3

I am working on a container who's subscript operator returns a wrapper reference, like this:

my_container::reference my_container::operator[](std::size_t i);

The internal element representation of the container cannot be directly referenced and thus needs the proxy object. The reference itself has deleted copy & move constructors, and all operations are only defined for rvalue references.

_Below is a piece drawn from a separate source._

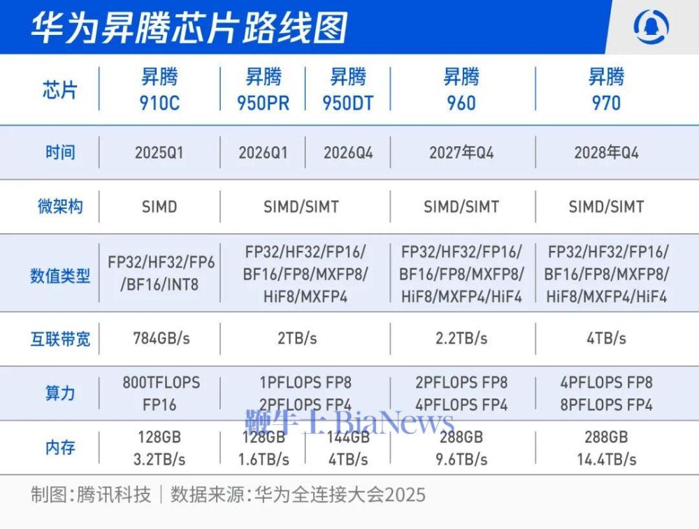 在2025年华为全连接大会上,华为发布了多款重磅芯片新品,包括昇腾950系列、960以及970等AI芯片,并公布了未来三年的昇腾AI芯片产品路线图。
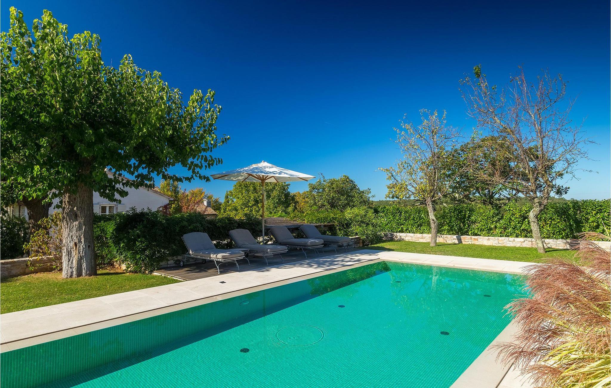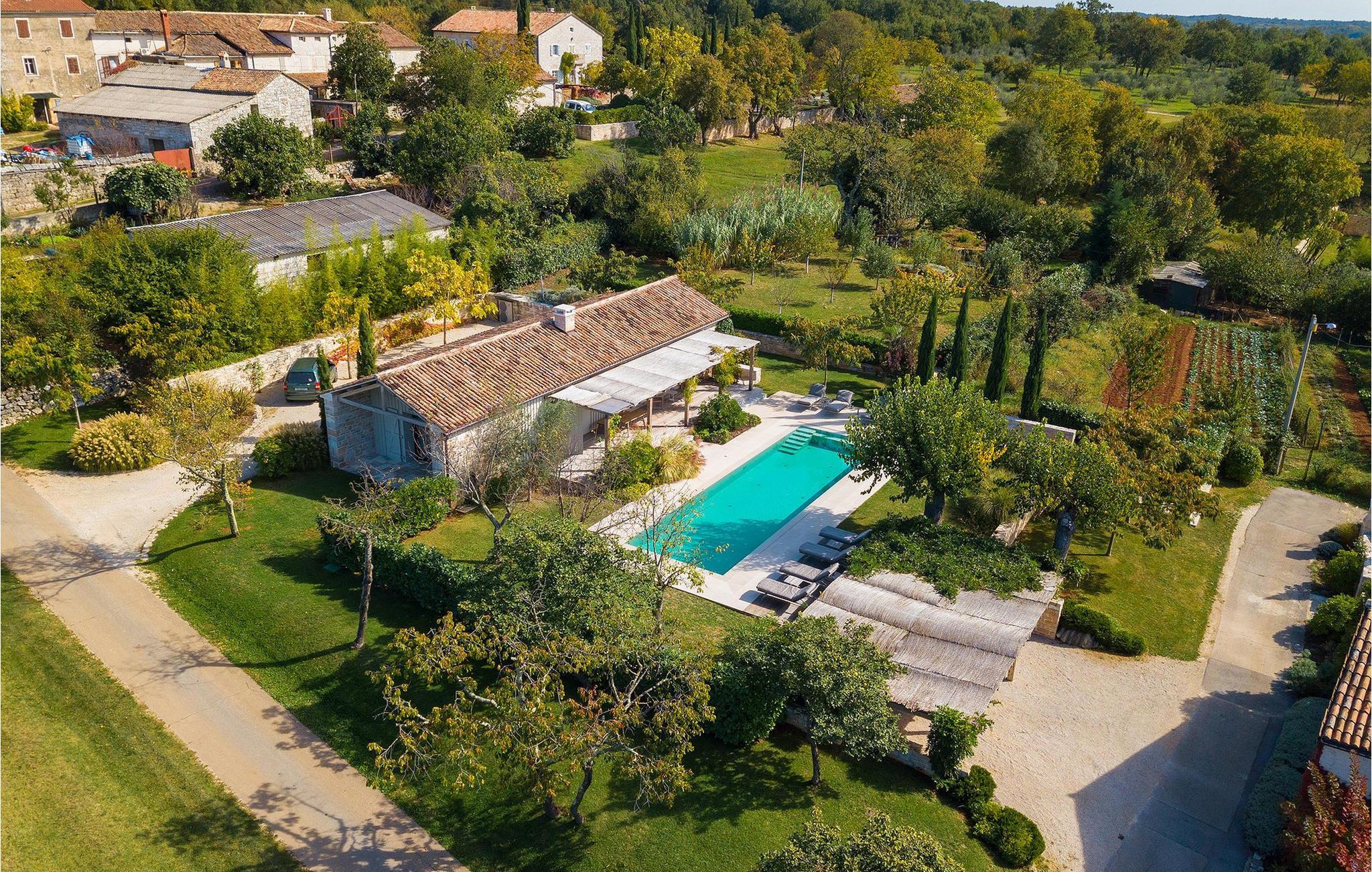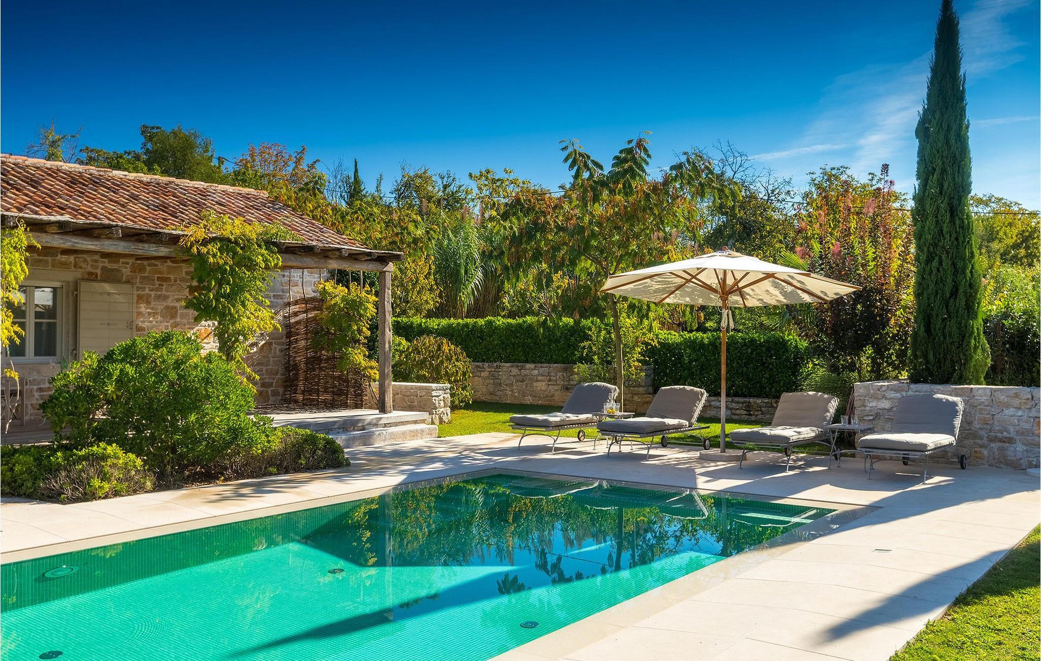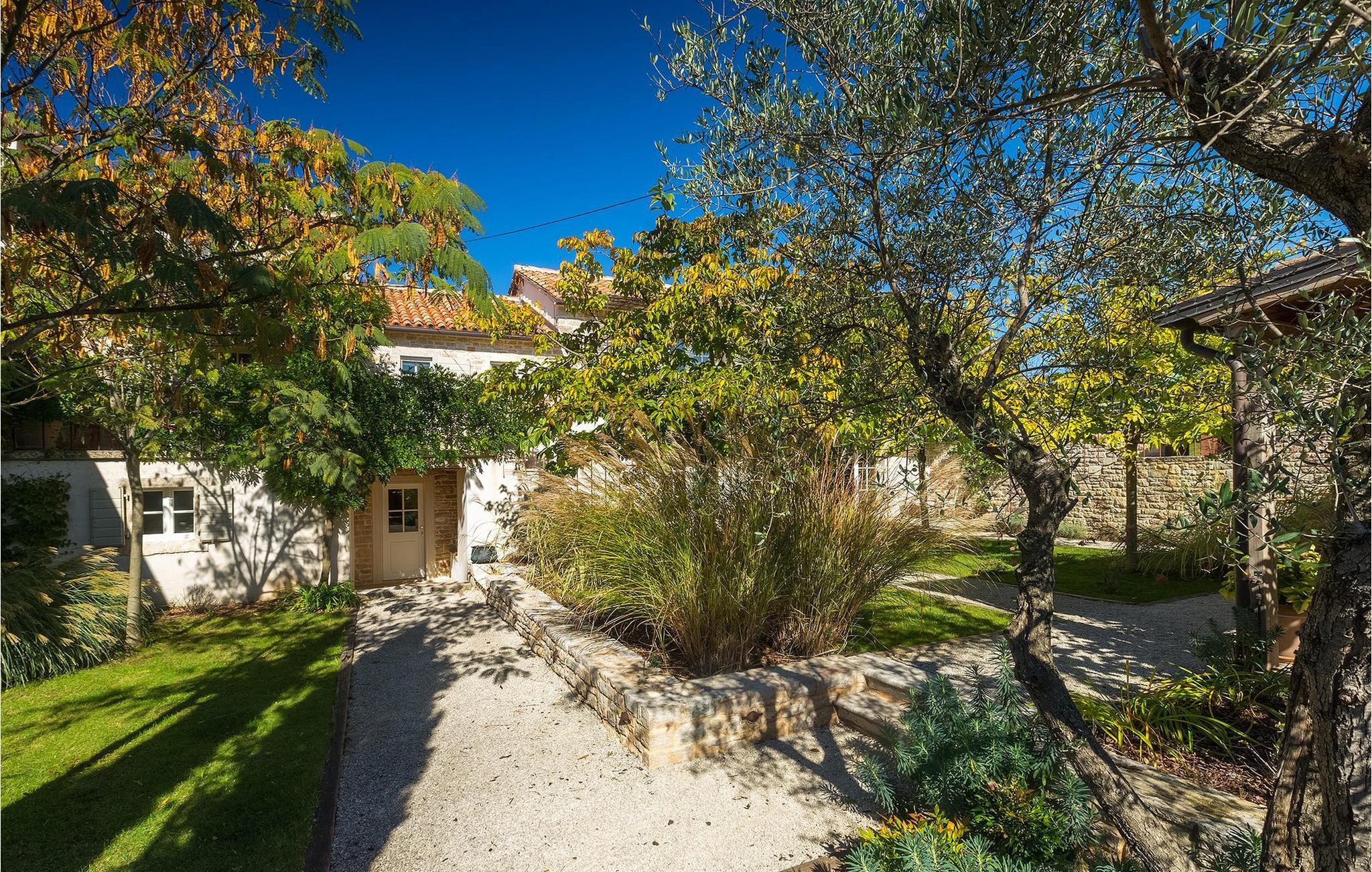 På varme sommerdager vil du nødig forlate bassenget og skyggen på den overbygde terrassen ved siden av. Den flotte hagen vedlikeholdes av en profesjonell gartner. Her kan du nyte måltidene dine ved det store uteserveringsbordet og nyte skjønnheten i den uberørte naturenI den lille landsbyen Prascari i Visnjan kommune ligger denne villaen i en eventyrlig landsby i hjertet av Istria. Landsbyen er omgitt av enger og skog, og består av noen få familiehus og feriehus. Den fullstendig restaurerte landsbyen, freden og roen på landsbygda, den uberørte naturen og den idylliske atmosfæren er bare en del av sjarmen ved dette stedet. Byen Visnjan ligger bare 5 kilometer fra Prascari. Helt siden venetianernes tid har Visnjan vært et velkjent handelssentrum der alle slags landbruksprodukter og redskaper ble solgt. Selv i dag arrangeres det et tradisjonelt marked den siste torsdagen i hver måned, noe som er en spesiell attraksjon for folk fra hele Istria. Fra den eldgamle terrassen på torget, som man kommer inn på gjennom en bue med motiv av en venetiansk løve, har man en fantastisk utsikt over havet. Visnjan er et spesielt interessant sted for astronomientusiaster på grunn av det internasjonalt anerkjente astronomiske observatoriet. Den populære turistbyen Porec ligger en kort kjøretur unna. Under oppholdet i villaene våre i nærheten av Porec må du ikke gå glipp av muligheten til å besøke Euphrasia-basilikaen. Den ble bygget på midten av 600-tallet og regnes som et av de vakreste kunstverkene i verden. Porec er en by rik på kulturarv, der den massive bymuren stopper tiden og ønsker besøkende velkommen.

However, a problem arises when deducing the wrapper object via auto or decltype(auto). For example, in the following code:

my_container bar();
auto foo(std::size_t i)
{
    my_container c = bar();
    return c[i];
}

auto deduces to my_container::reference instead of my_container::value_type, since the reference proxy is an object type, and RVO guarantees that no copy- or move-constructors are being called. This is a problem, since in the above code a stack reference is being returned.

Is there any way to prevent such behavior? To my knowledge there is no way to bypass RVO, but perhaps I am missing something.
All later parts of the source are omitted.